WORK REQUEST
In the entries that follow, the line with "Эхинацея пурпурная Клеопатра" opens the range and the line with "Cette conception présente" closes it; repeat that range exactly, both lines included.

INFORMATION SUPPLIED
>>>
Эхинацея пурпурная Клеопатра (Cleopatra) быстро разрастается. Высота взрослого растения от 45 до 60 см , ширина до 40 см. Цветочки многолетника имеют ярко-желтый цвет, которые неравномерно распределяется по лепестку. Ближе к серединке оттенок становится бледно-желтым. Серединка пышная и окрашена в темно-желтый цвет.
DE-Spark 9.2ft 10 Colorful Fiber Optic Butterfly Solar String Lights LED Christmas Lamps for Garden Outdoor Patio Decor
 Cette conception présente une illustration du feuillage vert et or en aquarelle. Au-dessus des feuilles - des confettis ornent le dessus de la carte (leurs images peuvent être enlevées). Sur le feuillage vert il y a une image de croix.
<<<
>>>
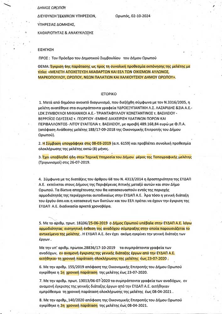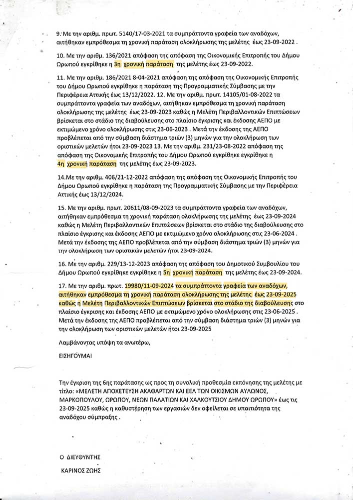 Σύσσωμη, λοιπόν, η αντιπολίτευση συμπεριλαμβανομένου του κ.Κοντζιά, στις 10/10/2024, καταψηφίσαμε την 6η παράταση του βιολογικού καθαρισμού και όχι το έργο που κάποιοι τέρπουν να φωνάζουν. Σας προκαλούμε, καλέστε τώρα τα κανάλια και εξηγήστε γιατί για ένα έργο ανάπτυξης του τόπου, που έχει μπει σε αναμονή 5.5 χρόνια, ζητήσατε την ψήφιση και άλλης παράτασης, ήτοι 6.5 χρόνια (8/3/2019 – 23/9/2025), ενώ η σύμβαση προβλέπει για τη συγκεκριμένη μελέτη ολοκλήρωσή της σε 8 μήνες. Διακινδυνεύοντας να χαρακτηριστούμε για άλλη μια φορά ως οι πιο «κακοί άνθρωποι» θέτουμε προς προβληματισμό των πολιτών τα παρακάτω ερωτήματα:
<<<
>>>
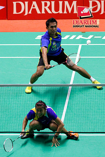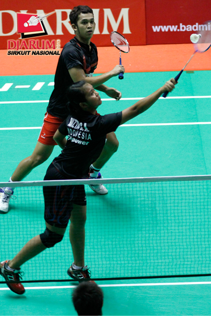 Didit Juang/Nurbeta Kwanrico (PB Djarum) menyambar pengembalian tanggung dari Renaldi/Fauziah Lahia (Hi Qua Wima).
<<<
REPLY
Эхинацея пурпурная Клеопатра (Cleopatra) быстро разрастается. Высота взрослого растения от 45 до 60 см , ширина до 40 см. Цветочки многолетника имеют ярко-желтый цвет, которые неравномерно распределяется по лепестку. Ближе к серединке оттенок становится бледно-желтым. Серединка пышная и окрашена в темно-желтый цвет.
DE-Spark 9.2ft 10 Colorful Fiber Optic Butterfly Solar String Lights LED Christmas Lamps for Garden Outdoor Patio Decor
 Cette conception présente une illustration du feuillage vert et or en aquarelle. Au-dessus des feuilles - des confettis ornent le dessus de la carte (leurs images peuvent être enlevées). Sur le feuillage vert il y a une image de croix.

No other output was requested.